Instructions for the task ->
Reproduce the whole listing that follows, character for character, and drop the images.

Data section ->
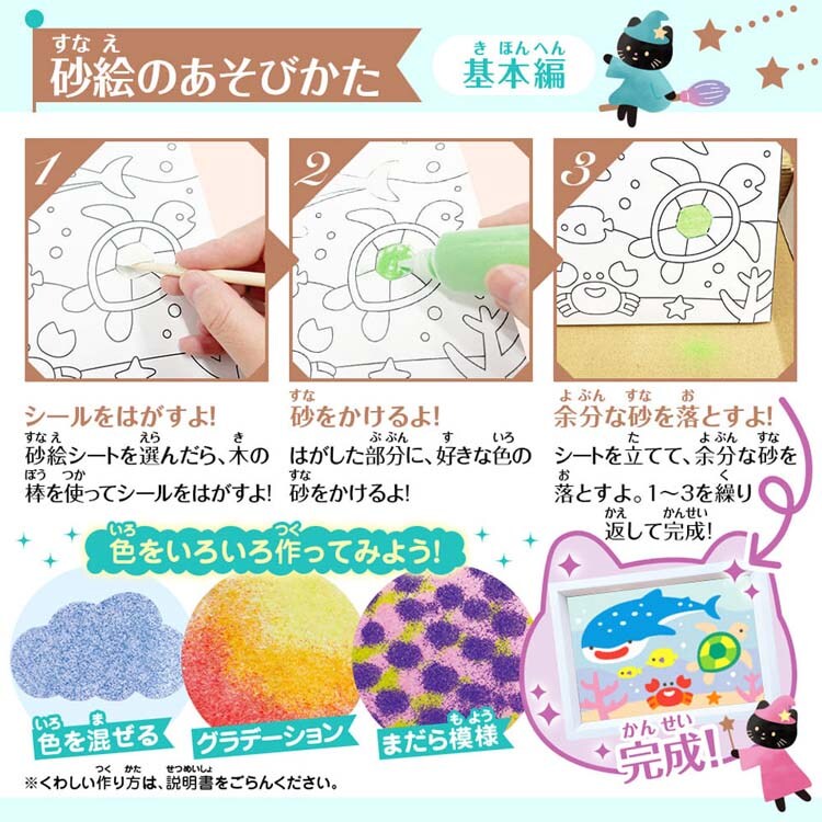 ●イラストシートのシールをはがして、さらさらカラー砂をかけるだけで、ステキな絵を描ける!
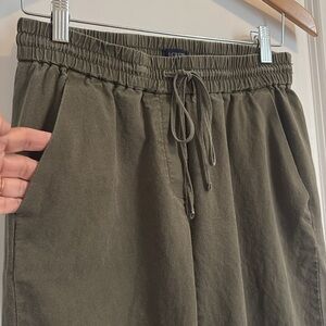 J Crew Factory Linen Cotton Blend Drawstring Pants Army Green Size 2
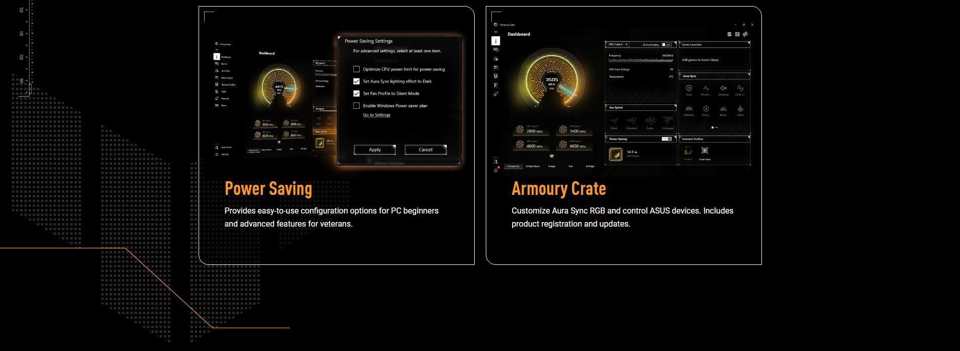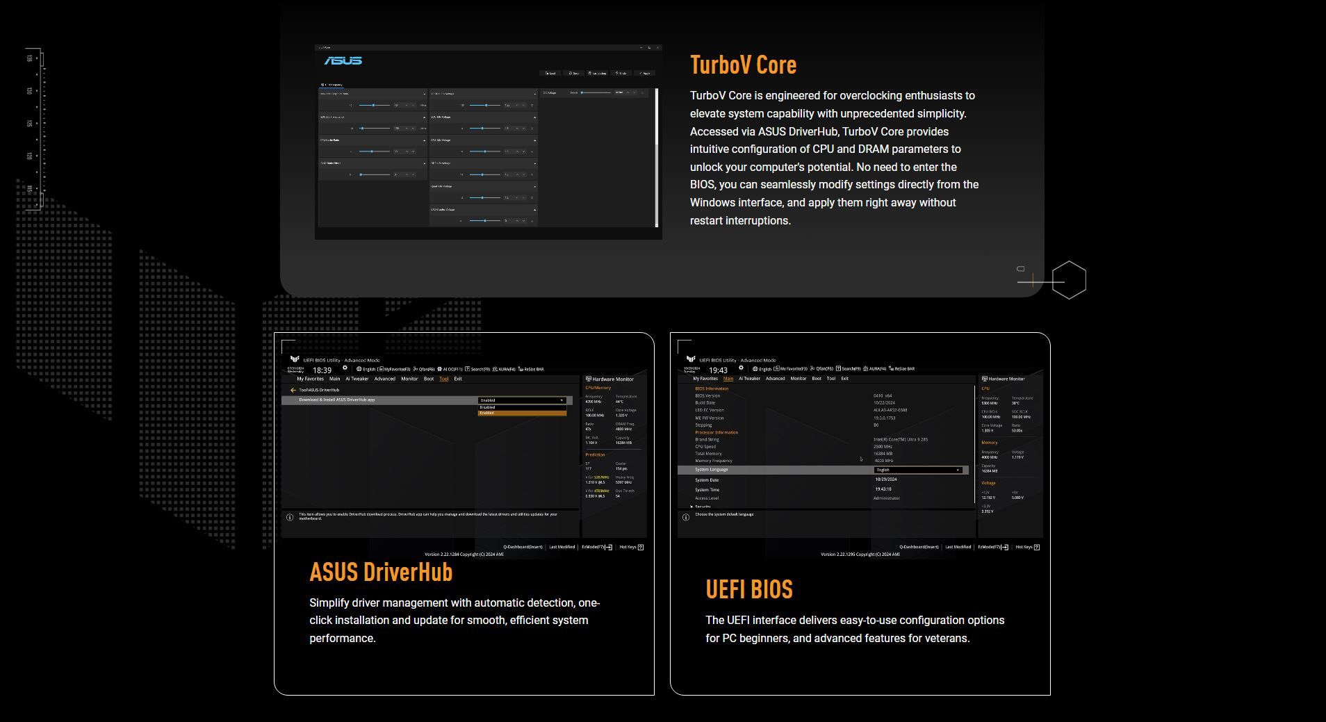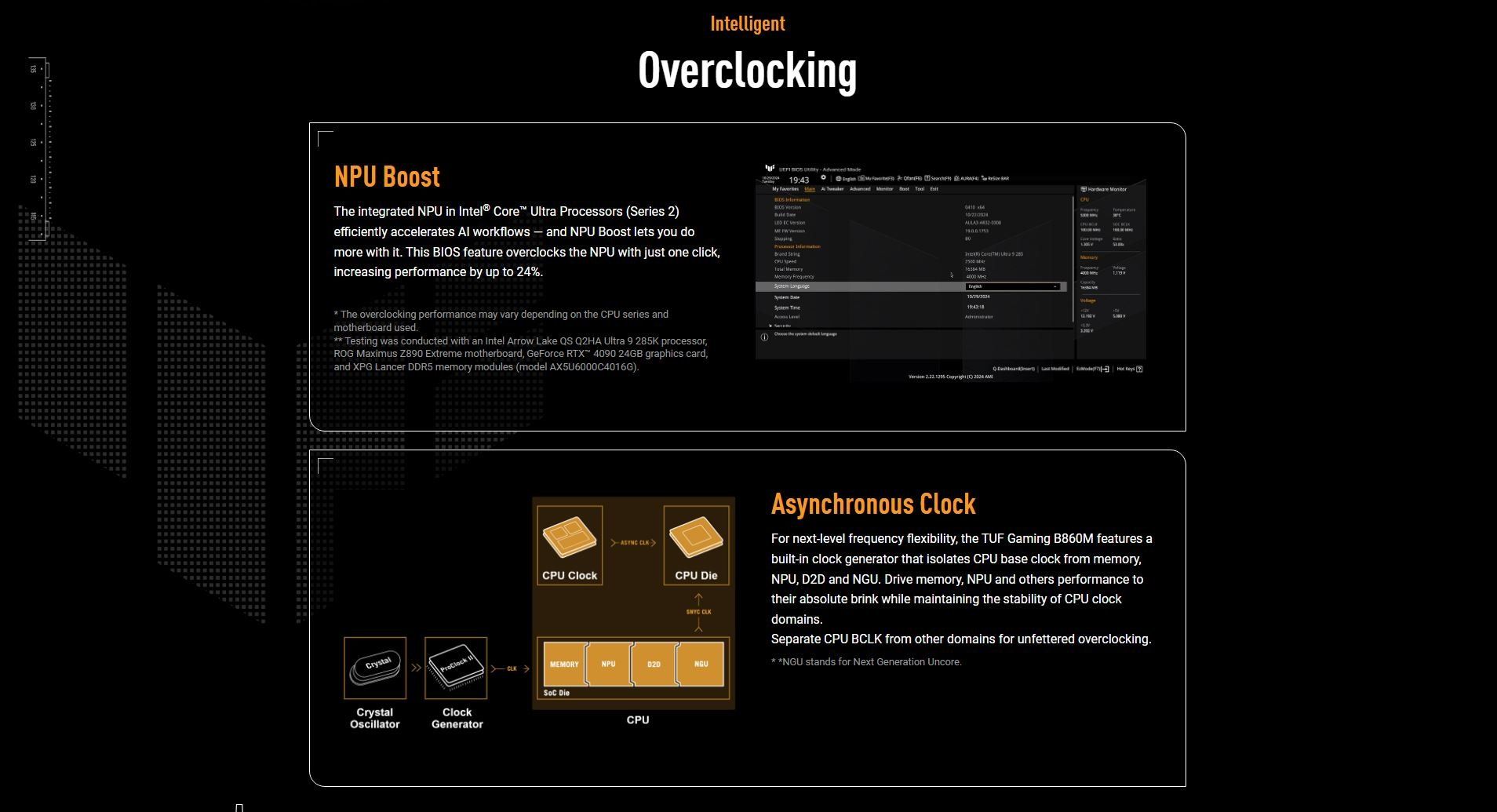 Software Features | ASUS Exclusive Software Armoury Crate - AURA Creator - AURA Sync - Fan Xpert 2+ - Power Saving ASUS DriverHub TurboV Core TUF GAMING CPU-Z DTS Audio Processing Norton 360 for Gamers (60 Days Free Trial) WinRAR (40 Days Free Trial) UEFI BIOS ASUS EZ DIY - ASUS CrashFree BIOS 3 - ASUS EZ Flash - ASUS UEFI BIOS EZ Mode - ASUS MyHotkey NPU Boost |

Solution ->
 ●イラストシートのシールをはがして、さらさらカラー砂をかけるだけで、ステキな絵を描ける!
 J Crew Factory Linen Cotton Blend Drawstring Pants Army Green Size 2
 Software Features | ASUS Exclusive Software Armoury Crate - AURA Creator - AURA Sync - Fan Xpert 2+ - Power Saving ASUS DriverHub TurboV Core TUF GAMING CPU-Z DTS Audio Processing Norton 360 for Gamers (60 Days Free Trial) WinRAR (40 Days Free Trial) UEFI BIOS ASUS EZ DIY - ASUS CrashFree BIOS 3 - ASUS EZ Flash - ASUS UEFI BIOS EZ Mode - ASUS MyHotkey NPU Boost |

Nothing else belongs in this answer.